Digital medicine describes an evidence-based field, concerned with the use of technologies as tools for measurement and intervention in the service of human health1. Digital medicine products are driven by high-quality hardware and software products that support health research and the practice of medicine broadly, including treatment, recovery, disease prevention, and health promotion for individuals and across populations2. As described below, we are witnessing the emergence of robust, evidence-based, technologies that have come to maturity and are solving intractable clinical problems. Digital medicine tools can (but need not) be integrated into the formal health care delivery system, a process that provides unique challenges and vital opportunities, as documented in this collection of articles.
Evaluating digital medicine
One of the early themes of the symposium was understanding the current state of evidence vis-à-vis digital medicine tools. While the potential for such tools to improve care delivery, research, and operations was clear, a critical first question is “how do we evaluate this tool?” In “Modernizing and designing evaluation frameworks for connected sensor technologies in medicine,” Coravos et al.3 look at connected sensors in particular, and highlight five dimensions of benefit–risk—(1) validation, (2) security practices, (3) data rights and governance, (4) utility and usability, and (5) economic feasibility. The authors provide a comprehensive review of many of the current evaluation frameworks for connected technologies and close by building on some of these current themes to propose a novel evaluation framework that builds upon the five dimensions described.
In “Verification, analytical validation, and clinical validation (V3): the foundation of determining fit-for-purpose for Biometric Monitoring Technologies (BioMeTs),” Goldsack et al.4 focus on the first step of the above framework, validation. The authors focus on Biometric Monitoring Technologies, or BioMeTs, which are defined as digital medicine products that process the data generated or captured by mobile sensors, using algorithms to generate measures of behavioral and/or physiological function. The interdisciplinary, international group of authors outlines a three-component evaluation framework for BioMeTs, notably including verification, analytical validation, and clinical validation (the “V3 Framework”).
Finally, in “Investigating sources of inaccuracy in wearable optical heart rate sensors,” Bent et al.5 look closely at a specific type of digital tool—optical sensors for determining heart rate, and compare six different wearable devices across 53 study participants. While authors did not detect differences in accuracy across skin tones, they did find inconsistencies between devices, and that error was particularly noted during activity. Future work in this area—quantifying the diagnostic accuracy of digital medicine tools—will be essential for understanding their utility and diagnostic test characteristics.
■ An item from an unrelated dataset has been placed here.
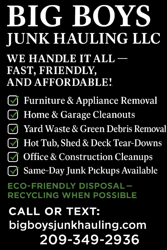 Big Boys Junk Hauling LLC is a locally owned and owner-operated junk removal company proudly serving San Joaquin County and all surrounding areas. What started as a dream to support a wonderful wife and daughter has grown into a reliable, community-focused service built on hard work, honesty, and a commitment to getting the job done right. No job is too big or too small — if you junk it, the Big Boys can haul it.

Understanding the dimensions of benefit–risk, practical challenges, terminology, and frameworks outlined in these articles will only continue to grow in importance as connected sensors are expected to play a growing role in both health care delivery and clinical research6,7.
Current usage of digital medicine tools
A second theme that emerged from the symposium was understanding real-world use cases and patterns in usage for digital medicine tools. In “Quantifying the use of connected digital products in clinical research,” Marra et al.8 performed a systematic search of the ClinicalTrials.gov database to identify and quantify the use of connected devices in clinical research over time. The authors found a clear increase in their use over the past two decades, with their findings pointing to a roughly 34% cumulative annual growth rate in the incorporation of connected digital products into registered clinical trials. Notably, this analysis was performed on data that predate the COVID-19 pandemic and therefore do not yet account for any additional adoption that may have been catalyzed by it9. Moreover, the authors find that these products have been used by a diverse group of sponsors and across all phases of clinical trials, suggesting the broad applicability of this technology to clinical research.
Security and data rights
A third theme that emerged was around safeguarding patient data as a safety issue, with two main perspectives: (a) theft as a “data security” issue, and (b) misuse as a “data rights” issue. In “Building resilient medical technology supply chains with a software bill of materials,” Carmody et al.10 outline how an exploited vulnerability in a single software component of health care technology can affect patient care and how to manage that risk by publishing a digital medicine product’s software bill of materials (SBOM). SBOMs, which have garnered FDA support in recent guidance documentation11, have the potential to benefit all supply chain stakeholders of medical technologies and the increased transparency can unlock and enable trustworthy, resilient, and safer health care technologies for all.
In “Privacy protections to encourage use of health-relevant digital data in a learning health system,” McGraw and Mandl12 highlight gaps in US health privacy laws that do not cover data collected by many consumer digital technologies and which have not been updated to address concerns about large technology companies entering the health care industry. The authors provide pragmatic recommendations for protecting individuals by establishing rules for health-relevant data that go beyond relying only on consent.
Last mile and implementation
Finally, the symposium participants discussed how real-world factors such as patient attrition could impact the strength and generalizability of digital medicine studies, as well as the health care provider’s perspective on the use and dissemination of digital tools.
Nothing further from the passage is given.